Let $r \gt 0 $ such that $xy \le r^2\;\;\;\forall (x,y) \in U$
$max_{\bar U}f \le \max_{\bar U} g_\varepsilon = \max_{boundary\;of\; U} g_\varepsilon \le \max_{boundary\;of\;U} f + 2\varepsilon r^2$ and by letting $\varepsilon \to 0$ we deduce $\;\;\max_{\bar U} f \le \max_{boundary\;of\;U} f$
However I'm not pretty sure that actually exists such $r$ in $\mathcal U$. Could somebody improve this proof? I would appreciate any other help or hint because I've been stuck for days. Thanks in advance!

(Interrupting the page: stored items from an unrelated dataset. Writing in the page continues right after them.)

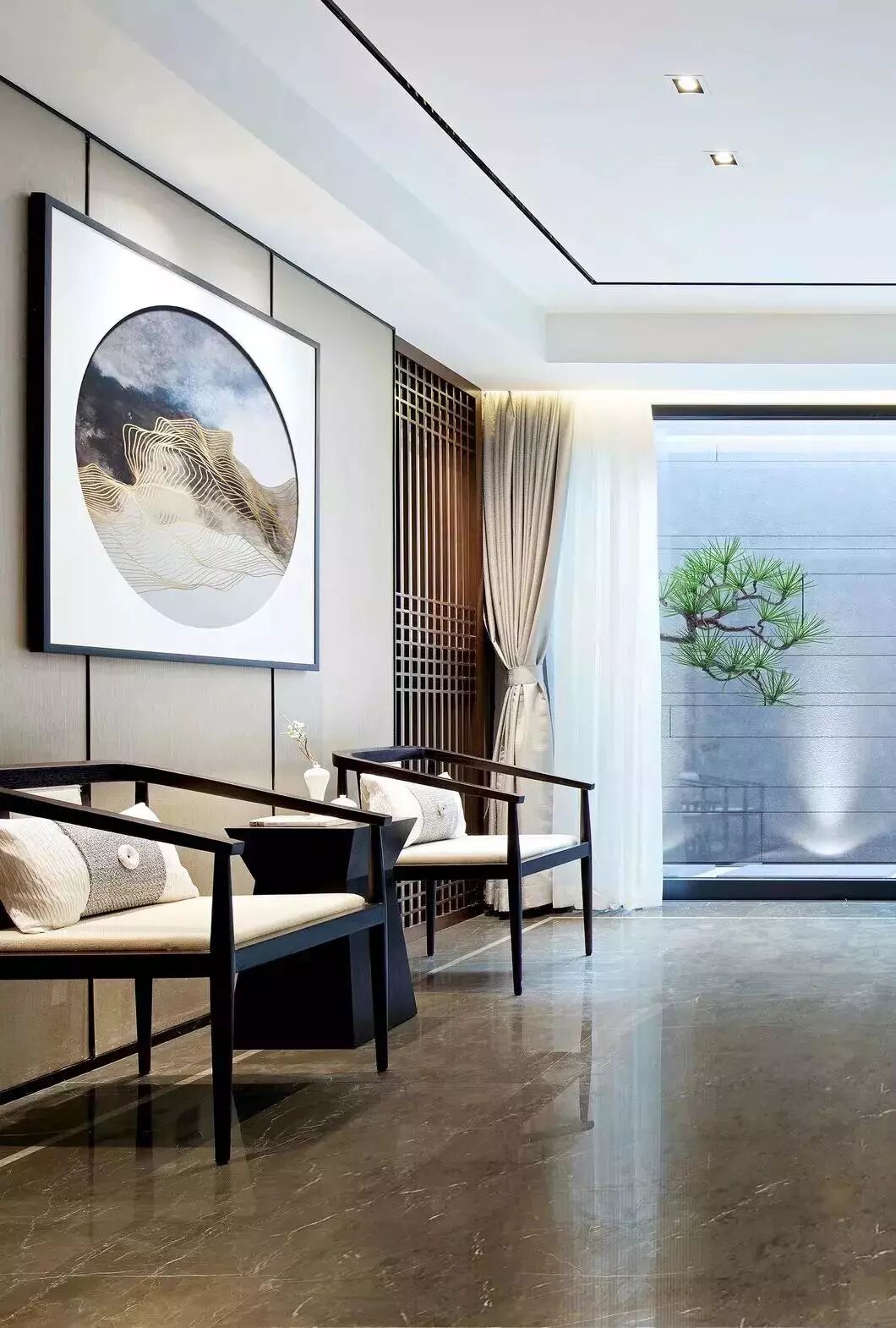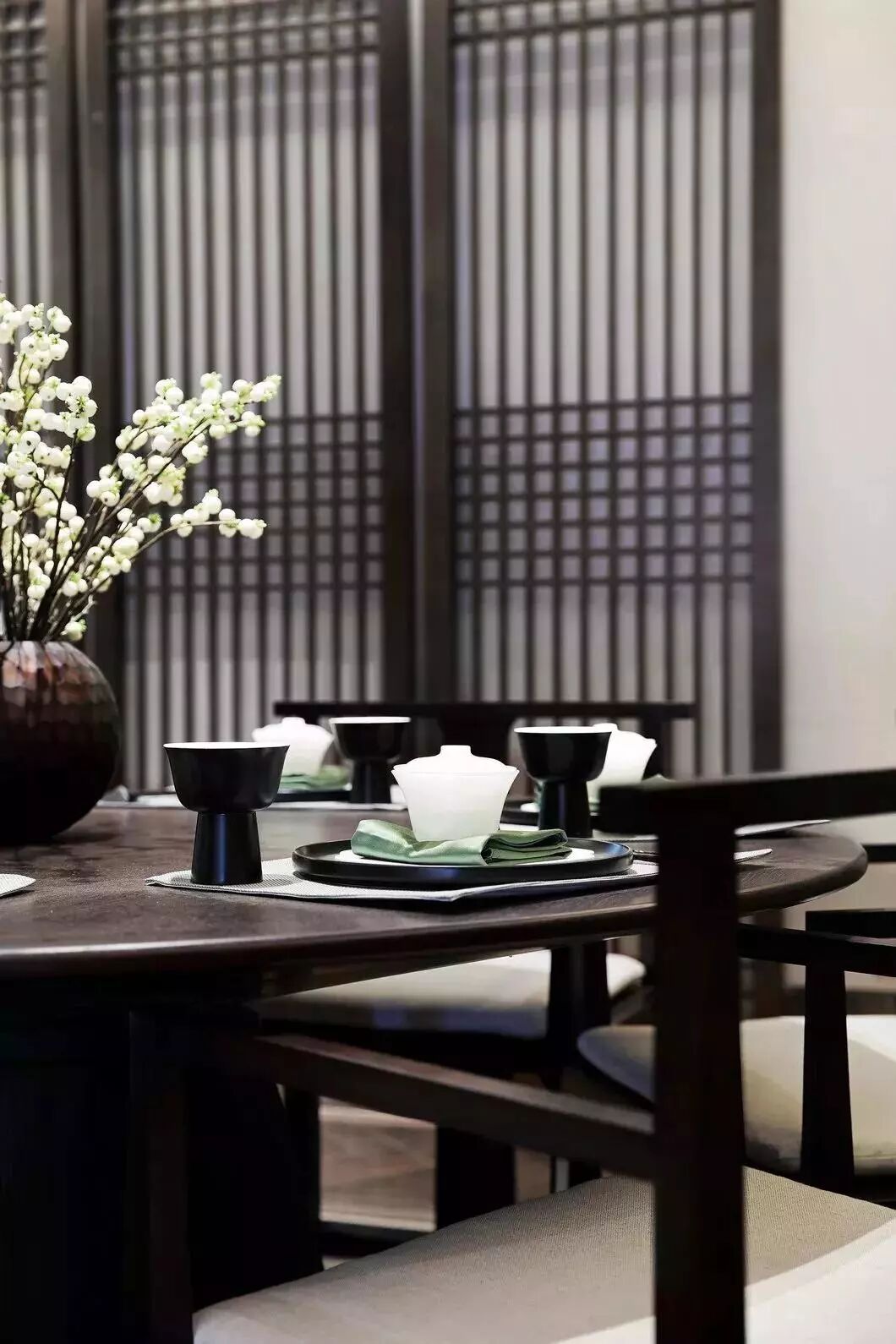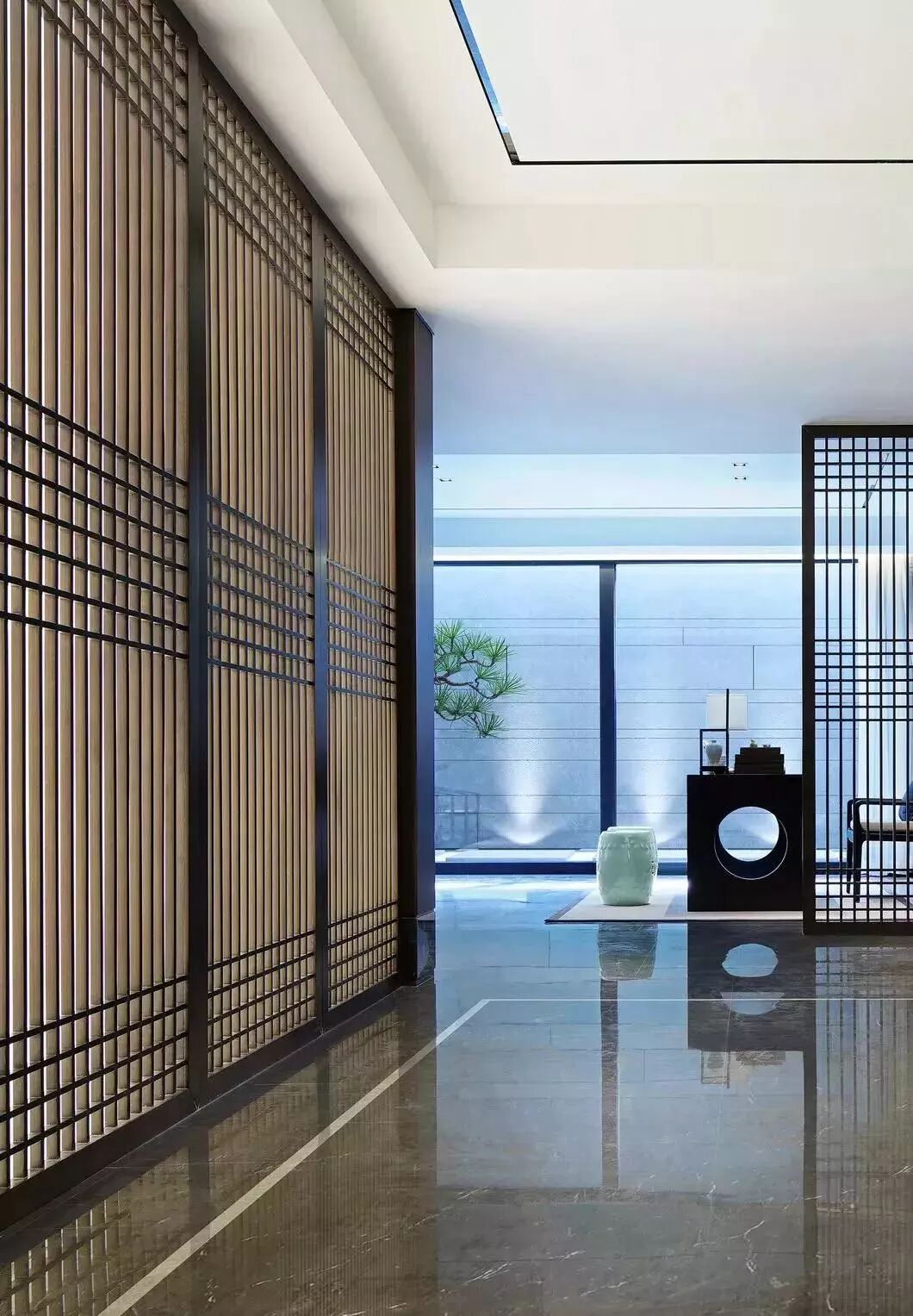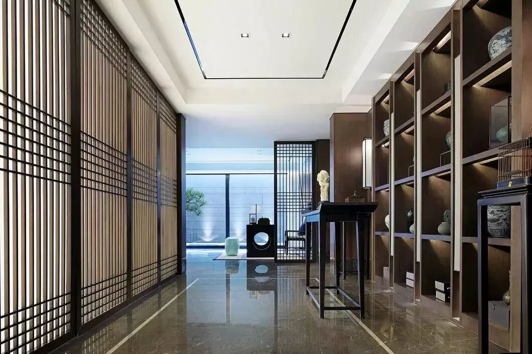 精炼的屏风线条在空间中显得那么有秩序感,多而不乱,密而不杂,隐隐透着光,在传达着中式的静谧风雅。门窗外采光井更是意境婆娑,不紧紧只是引景入室,更是设计师对空间关系的一种直接表达。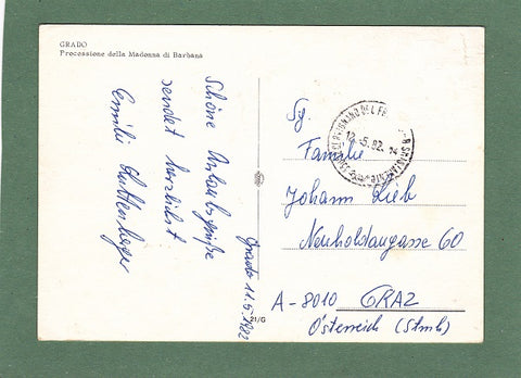 AK Grado. Processione della Madonna di Barbana. Gelaufen 1982, aber Briefmarke wurde entfernt. Großformat. Verlag: Modiano Trieste. Nummeriert: 21. Zustand: Ecken geknickt, zwei leichte Knicke etwas unterhalb des oberen Randes in der Mitte.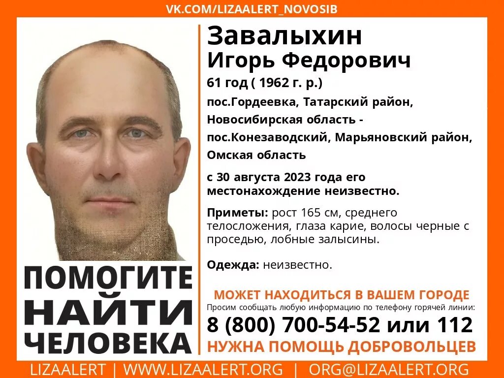 В Татарском районе Новосибирской области 30 августа пропал 61-летний Игорь Завалыхин. Об этом сообщили волонтеры поисково-спасательного отряда «ЛизаАлерт». Уточняется, что мужчина мог находиться в поселке Гордеевка в Татарском районе или же в поселке Конезаводской Марьяновского района Омской области. Однако информации о том, в какой одежде был мужчина — нет. Приметы: рост 165 см, среднее телосложение, карие глаза, черные волосы с проседью, лобные залысины. Если у вас есть информация о местонахождении Игоря Завалыхина, сообщите об этом по телефону ПСО 8—800-700-54-52 или наберите 112. Дмитрий Кузнецов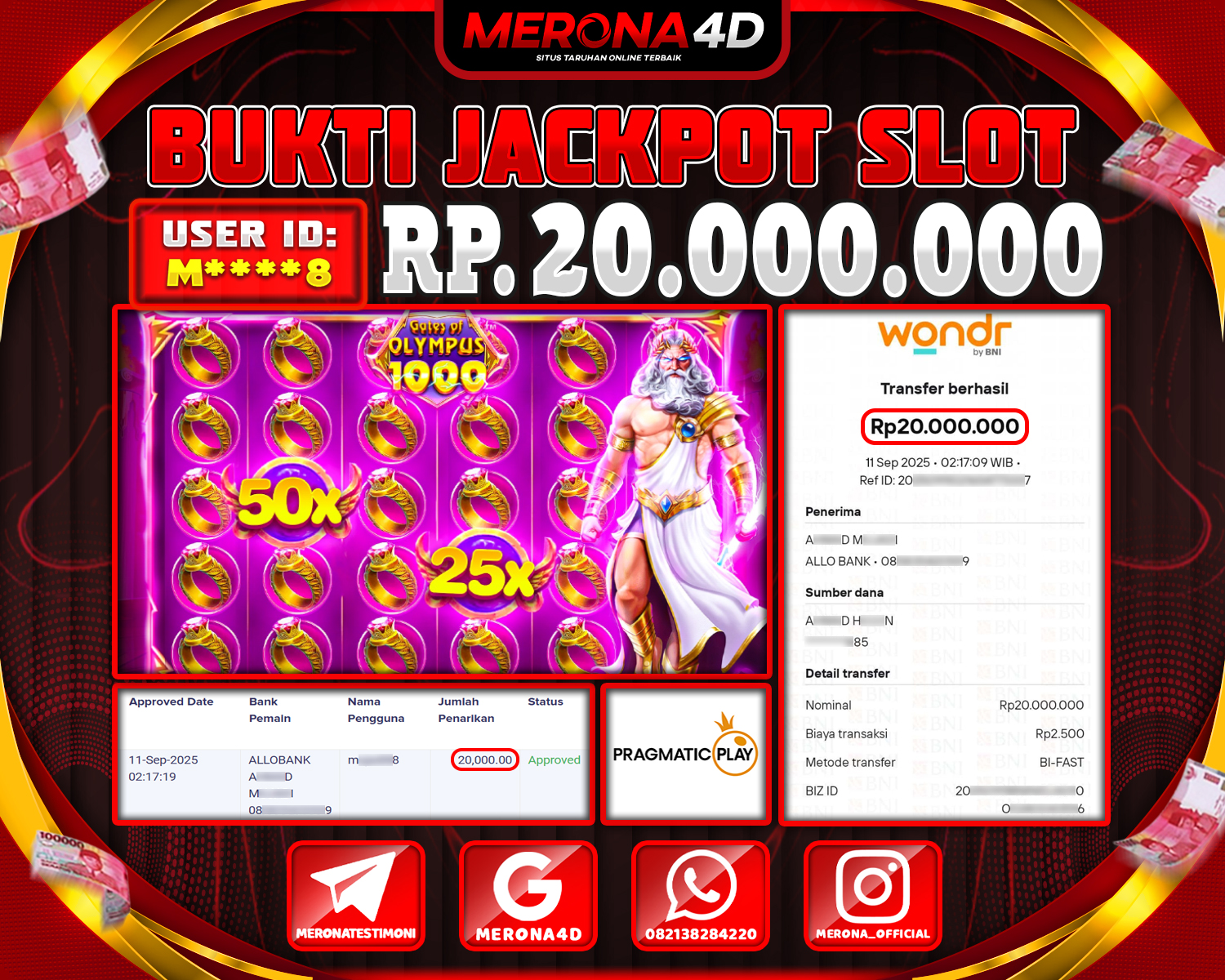 Selamat Kepada Member MERONA4D F*****G Telah Jackpot Di SLOT88 OLYMPUS 1000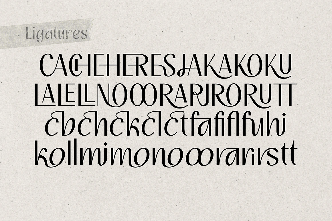 Ligatures: Improve the flow and readability of your text with natural and harmonious ligatures. These thoughtfully designed character combinations enhance the overall aesthetic and ensure seamless letter connections.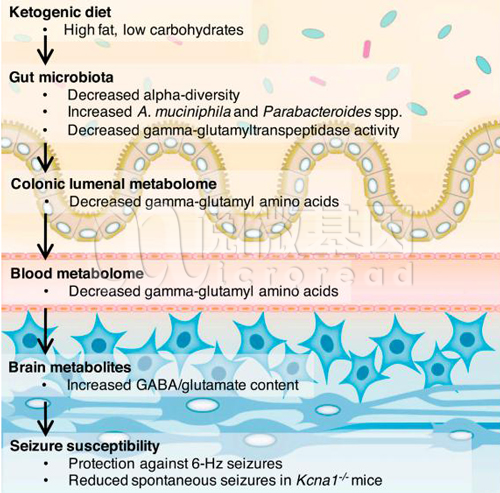 癫痫是一种严重的神经系统疾病,其病因尚未取得充分的认识。2018年5月,来自加州大学洛杉矶分校(UCLA)的科学家们将新研究成果发表在Cell 杂志[3]。他们发现生酮饮食大大改变了肠道菌群,使小鼠癫痫发作的次数显著减少。顺利获得肠道16S测序,确定生酮饮食会使2种类型的细菌丰度升高,分别为Akkermansia muciniphila 和Parabacteroides species。接着联合应用GC-MS和LC-MS平台检测肠道、血液和海马体(与癫痫发作主要相关的脑部区域)中的代谢物,发现细菌的变化改变了肠道和血液中γ-谷氨酰氨基酸水平,从而增加了神经递质GABA在大脑中的表达,而GABA可以使神经元沉默下来,减少癫痫的发作。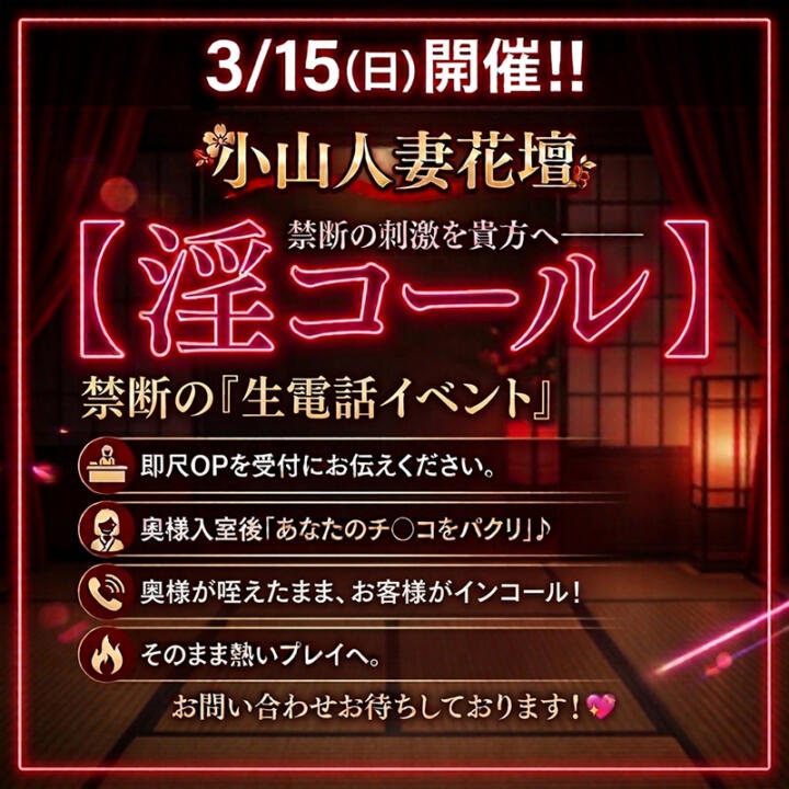 【3/15日(日) 淫コール!(02時42分更新)|モアグループ小山人妻花壇(小山発・近郊/人妻系デリヘル)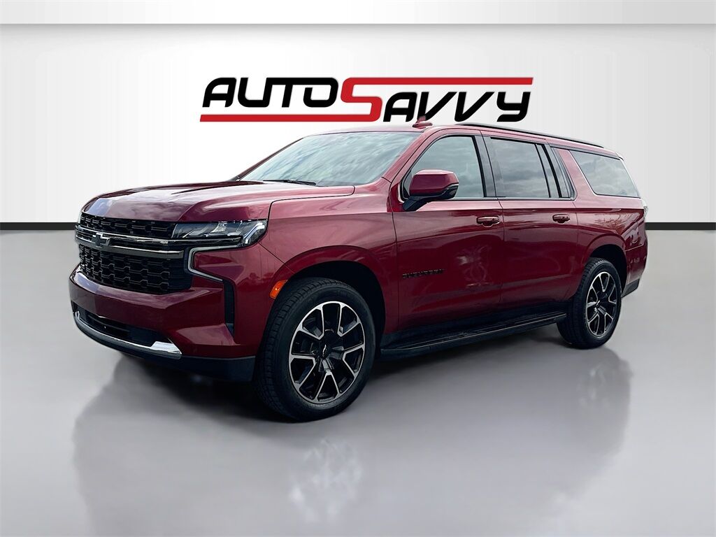 Discover the 2023 Chevrolet Suburban 4WD RST at AutoSavvy Lindon, a standout in Radiant Red Tintcoat with only 24,328 miles. This luxury SUV combines power and sophistication, featuring an EcoTec3 5.3L V-8 engine that generates 355HP, paired with a 10-speed automatic transmission for seamless driving. Enjoy premium amenities like a dual-pane panoramic sunroof, leather seats in Jet Black/Victory Red, and heated front and second-row seats. Stay connected with Apple CarPlay, Android Auto, and a premium Bose sound system, while wireless charging ensures your devices are always ready. Safety features include Lane Change Alert, HD Surround Vision, and Hitch Guidance with Hitch View, making every journey secure and enjoyable. This Chevrolet Suburban comes with a branded title, reflecting AutoSavvy's commitment to exceptional value. As a certified vehicle, it includes a complimentary 4-month/4,500-mile limited comprehensive warranty, offering peace of mind with your purchase. AutoSavvy, the nation's largest dealer of branded title vehicles, provides high-trim, low-mileage options like this Suburban at unmatched prices. Experience the benefits of branded title ownership and join the community of satisfied AutoSavvy customers. Visit AutoSavvy Lindon today to test drive this remarkable 2023 Chevrolet Suburban 4WD RST and enjoy unrivaled quality and savings.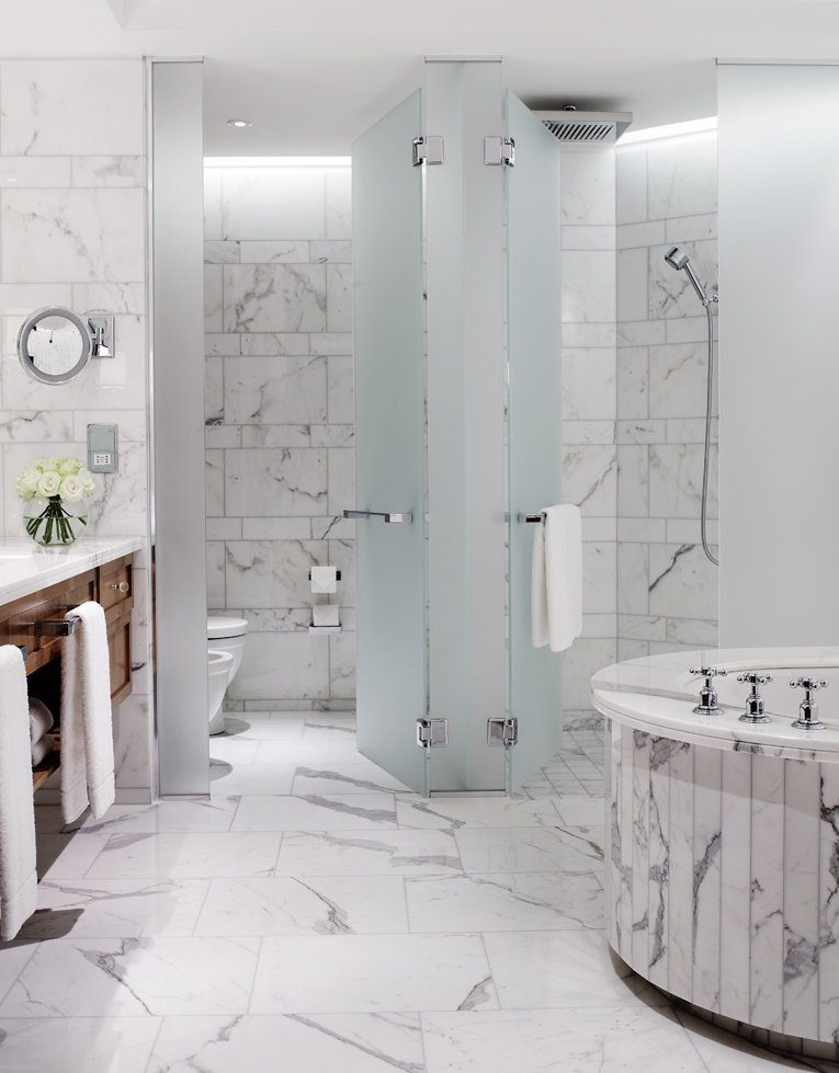 Designer Martin Goddard selected Perrin & Rowe as partner for all 294 guest rooms and suites. On major hotel and residential projects, our specialist team can work with a designer to develop unique products to suit a particular design style. In this case, a bespoke version of our Traditional brassware was produced complements the lavish Italian marble en-suites.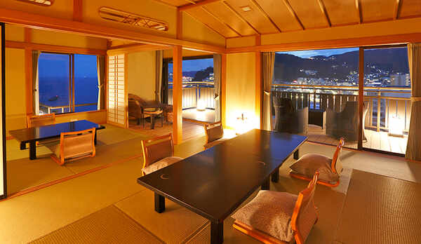 客室や展望貸切露天風呂から熱海の海や水平線に浮かぶ初島、大島を一望する旅館。数寄屋造りの客室は、和室や和洋室、螺旋細工の調度品をしつらえた檜風呂付き客室などを用意。檜や陶器の展望貸切露天風呂や大浴場では、温泉に浸かることができます。客室でいただく食事は、夕食は、熱海の新鮮な山海の幸を使用した季節の創作和食会席、朝食は、干物や彩り豊かな小鉢などの和食です。熱海サンビーチまで徒歩約3分、旅館は熱海温泉の街中に佇んでいます。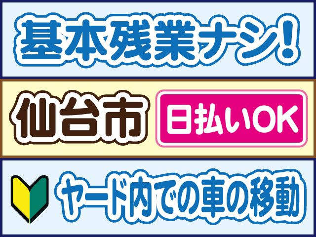 【仙台市宮城野区】車の移動作業 未経験OK・大型免許を活かそう 日勤・週休2日、高時給1,400円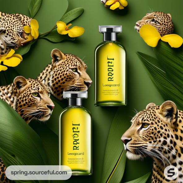 Perfume bottles and green boxes with leopard print design, surrounded by leaves and yellow flowers.

Here's a hit to get you started. If $g: \mathbb{R}^2 \to \mathbb{R}$ is $C^2$ and has a local maximum at $x\in \mathbb{R}^2$, then $D^2 g(x) \le 0$, i.e. $D^2 g(x)$ is negative semidefinite.
EDIT: (I typed the above while you were editing, so it looks like you know this already)
OK, you've got the above observation. The next important step is to realize that a positive semidefinite $2 \times 2$ matrix must have non-negative determinant, and a negative semidefinite $2 \times 2$ matrix must also have a non-negative determinant. One possible proof of this is to look at the eigenvalues, which must both have the same sign.
Now, this means that you actually want to show that your perturbation $g_\epsilon$ is such that $\det D^2 g_\epsilon < 0$. In your choice of $g_\epsilon$ you can actually take $\epsilon < 0$ if need be. You can do this based on the sign of $f_{xx} + f_{yy}$ at the point $(x_0,y_0)$ in order to make $\det D^2 g_\epsilon(x_0,y_0) < 0$.